Почему занятие политикой называют грязным делом и как россиян полностью исключили из управления страной? В эссе о развитии аполитичности в современной России философы из Farine Group прослеживают историю отказа от низовой солидарности после 2010-х, рассказывают о стратегиях сопротивления госаппарату и объясняют, почему все мы — потенциальные политики и на каких принципах можно реализовать совместное управление городом-государством.

«Грязное дело»

Слово «политика» образовано от греческого πόλις и относится прежде всего к общественному управлению городом, являясь способом коллективного действия на местном уровне. Проще говоря, это решение повседневных вопросов своей жизни путем общественного обсуждения.

Однако в период возникновения абсолютизма такое понимание политики и политического маргинализируется. Поле приложения политического постепенно смещается от города к государству, а от государства — к «государю». В современной россии до сих пор понимают политику в духе макиавеллизма, то есть как обретение и удержание власти любыми средствами, а значит как возможность манипуляции и насилия. Для большинства развитых стран характерна профессионализация политики.

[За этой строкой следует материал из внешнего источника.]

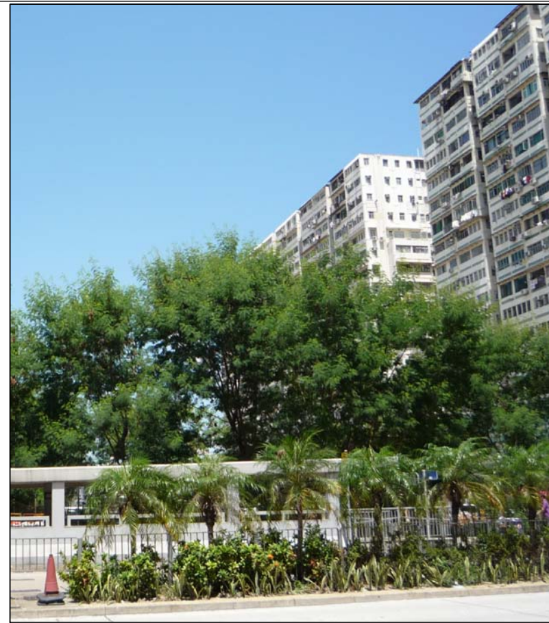
LR2.17 Roadside Plantation close to Jordan Road and Ferry Street Carpark Photo 2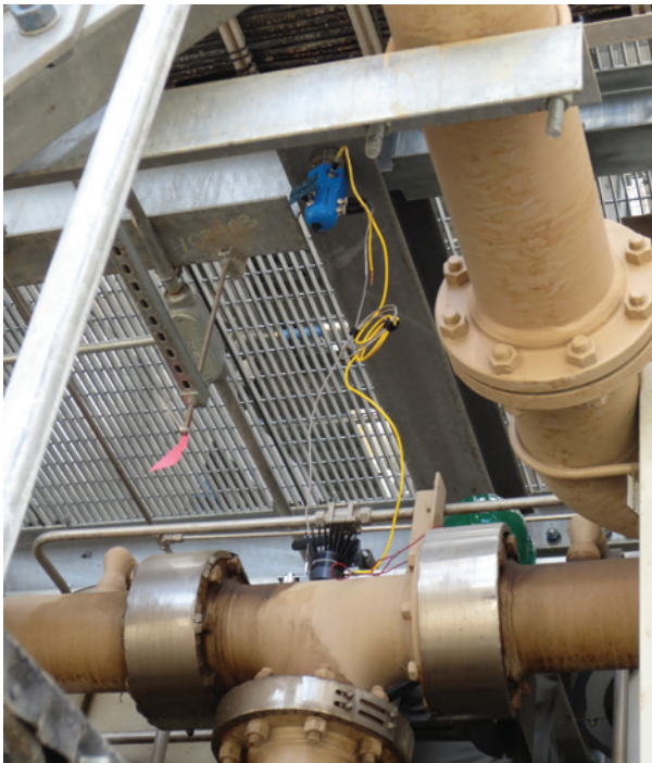
FIGURE 2: Hot Boiler Feedwater Line. In this example, the wSIM was hanging upside down from the overhead structure and the Power Puck was attached on top of the piping tee at the bottom of the photo.

Как в свое время общение с богом было делом священников, современной политикой занимается «политический класс», или «эстеблишмент». Понимание политического намеренно смещается в сторону профессиональной деятельности «политиков».

Отсюда у большинства граждан развитых стран возникает нежелание участвовать в политике (этом «грязном деле»). Постепенно оформляется профессионализация и автономия политического. Политикой пусть занимаются политики — то есть те, кто не боится «замарать руки». Жрецы общественного блага, его жрецы и ассенизаторы. 

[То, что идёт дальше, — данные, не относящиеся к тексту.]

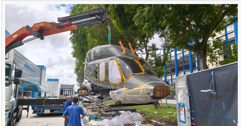
B&H Worldwide Loading Bell 429 Helicopter

has further expanded its rotary-wing logistics capabilities with the successful handling of a Bell 429 helicopter movement from India to Singapore, supporting the aircraft's return to Bell Textron's regional hub for maintenance and inspection.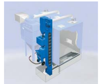
Storage conveyor Screw Strip Type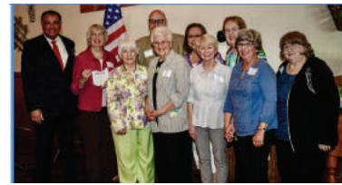
District 3 Chapter of the Year awarded to Greene County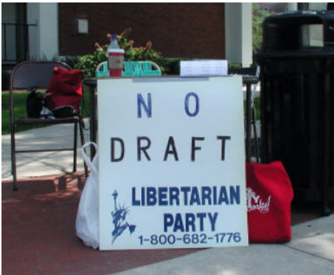
An attention-getting sign for the booth at Rutgers.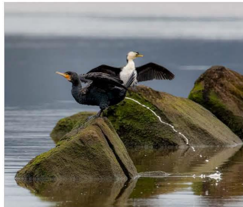
Steve Whitworth - Great Cormorant Ignition Sequence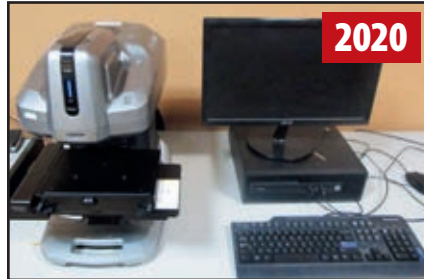
KEYENCE VR-3200 3D MEASURING MACROSCOPE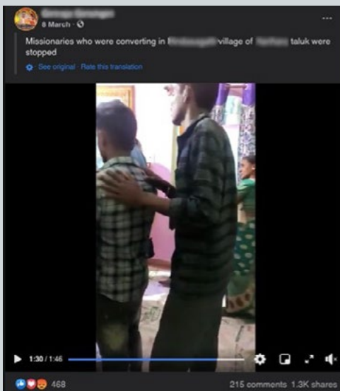
Image refers to background of anti-Christian persecution in Case Study 1. The image is sourced from the website The News Minute.com, available at: https://www.thenewsminute.com/article/bengaluru-christian-community-alleges-local-officials-removed-jesus-statue-without-cause . Copyright information about this image is unknown.

Именно поэтому публика так легко мирится с коррупционным поведением последних: воровство, грязь и копоть, но это их грязь, нас это не касается — мы все в белом. 

Принимают обман со стороны политиков — постепенно принимают и насилие, уже как функцию озлобленности последних, одичавших от смрада, одуревших от одиночества на своем грязном поприще. Признавая свое ремесло грязным, политики, в свою очередь, начинают видеть и общество в этом смраде. Как следствие, они презирают граждан, оправдывая этим свое коррупционное поведение и свою мнимую исключительность.

Власти в современной россии используют это двойное исключение граждан из политики — и профессионализацию, и культ силы, запугивание.

История исключения

После неудавшихся протестов 2011–2012 годов (на Болотной площади против переизбрания Путина и фальсификаций на выборах), после неудачи по защите своих прав и сохранению последних институтов свободы (координационный совет оппозиции) — общество словно парализовало. Демотивированность, а после и запуганность большинства активных граждан стали драйверами последующего десятилетия. На подходе была поляризация, и она состоялась в истории с Украиной. Чекисты не поняли, что за массовостью протестов 2011–2012 не идет революция. Что эти выходы есть именно выходы в квалифицированное потребление политики, усвоенное обществом. У спецслужб включилась паранойя, и они включили насилие. Краха гражданского общества было уже не избежать.

Аполитичное общество, первоначально вполне удобное для власти, затем стало восприниматься как угроза и как новый оранжевый заговор — непонятно, что там на самом деле думают эти аполитичные граждане. Может быть, они в глубине своего молчания скрывают
Аполитичное общество, первоначально вполне удобное для власти, затем стало восприниматься как угроза и как новый оранжевый заговор — непонятно, что там на самом деле думают эти аполитичные граждане. Может быть, они в глубине своего молчания скрывают протест? / Иллюстрация: на холме

В момент аннексии Крыма в 2014 году, на фоне продолжающейся охоты на оппозицию, власть предложила заполнить пустоту деполитизации новым драйвером «русской весны» — общество резко поправело и поляризировалось. Одни резко за, другие столь же резко — против. Большинство приняли подачу власти и считали воодушевление русской весны за новый способ потребления политики. А что же несогласные? — их прослойка в очередной раз истончилась, а их modus operandi стал восприниматься как маргинальный. Не без помощи пропаганды, конечно, но за этим процессом стояли и более сильные причины.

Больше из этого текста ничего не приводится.